Both Amiri and Warbelow emphasized that religious objections to single parents raising children and couples living together outside of marriage would also be privileged under the Trump order circulated in February.
The ACLU and HRC, as well as groups including Lambda Legal have already announced they are prepared to go to court immediately to fight any Trump order with objectionable provisions. Asked whether standing would be an issue – that is, whether an individual plaintiff harmed by the order would need to be found – both Warbelow and Amiri asserted that would not constrain speedy action by advocates.
“You don’t need injury,” Warbelow said. “An order like the February draft is facially discriminatory. The likelihood of harm is manifest.”
A challenge to any anti-LGBTQ provisions would be waged on equal protection grounds, she added. Supreme Court Justice Anthony Kennedy’s opinion in the 1996 Romer v. Evans case, which threw out a Colorado voter initiative that barred that state and its localities from enacting gay rights protections, established that animus can never be the basis for creating government policy.

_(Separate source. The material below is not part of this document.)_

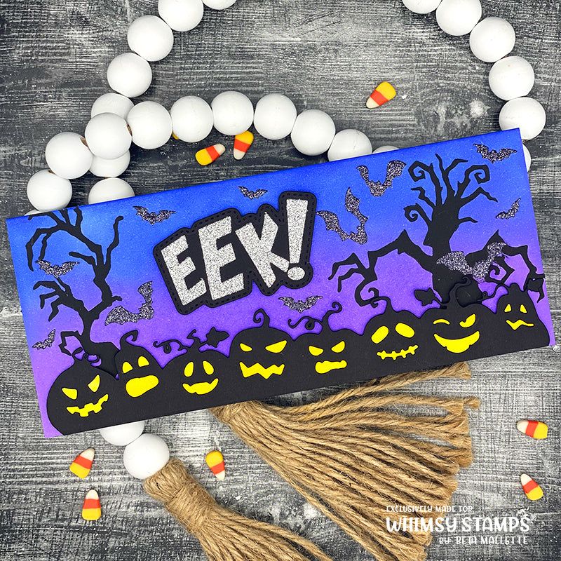 The Whimsy Stamps Halloween Trees and Grasses Stencil, illustrated by Crissy Armstrong for Whimsy Stamps, features 4 creepy trees and 4 different styles of grass, perfect for crafting the ultimate spooky scene. This versatile stencil can be used with ink and a sponge, modeling paste, or even an airbrush. Measuring approximately 6x9 inches, it is crafted from smooth plastic for easy cleanup. The larger size is ideal for slimline cards, as well as smaller cards or layouts. For best results, store the stencil flat. The black areas in the store display image represent the open sections of the stencil, while the white areas represent the stencil material.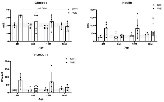 Plasma glucose and insulin levels and HOMA-IR values in C57BL/6J mice fed with a Western diet (WD) and standard diet (SD) in four age groups (4M, 8M, 12M, and 16M). The designated gray boxes show the reference range determined from minimum and maximum values parameters obtained in young (4M) C57BL/6J mice fed standard feed (CTR). Statistical analysis comprised the Shapiro–Wilk normality test, two-way ANOVA, and Tukey’s post hoc test. Significant result: glucose: (4M WD vs. 16M WD (p-Value = 0.0404)). (Completed statistical data in Supplementary Materials Table S1).

“The leaked memo makes clear that it is based on animus toward the LGBTQ community,” Warbelow said.
Under the existing federal Religious Freedom Restoration Act, enacted in 1993, claims of exemptions from statutes must be weighed against the government’s compelling interest embodied in its laws and policies. Warbelow argued that the executive order envisioned in February assumes that the government never has a compelling interest in preventing discrimination against the LGBTQ community.
Amiri said that a First Amendment religious establishment challenge to such an executive order would also be mounted, since the draft seen in February clearly favors one set of religious views over others.
Asked how advocates would respond to an executive order scaled back in its incursion on the rights of LGBTQ Americans or women’s access to health care, Warbelow noted that “virtually every provision of the February 1 leaked memo affects LGBTQ people and women.”
The HRC legal director acknowledged that the group has had conversations with some White House staff as well as federal government agency officials since word of the new push for an executive order surfaced this week, but said, “I’m not at liberty to discuss” them.
HRC and other LGBTQ advocacy groups rallied on May 3 in Lafayette Park opposite the White House to pressure the Trump administration to hold back from any pernicious action the following day.
The executive order Trump is expected to issue on Thursday would come as he hosts conservative religious leaders to mark National Prayer Day. Late in the day on May 3, the New York Times reported that it was “unclear” if that order would in fact be related to the specific subject matter of February’s leaked memo. According to the Times, what is likely is an order that attempts to circumvent existing federal tax code prohibitions on tax-exempt religious organizations endorsing political candidates.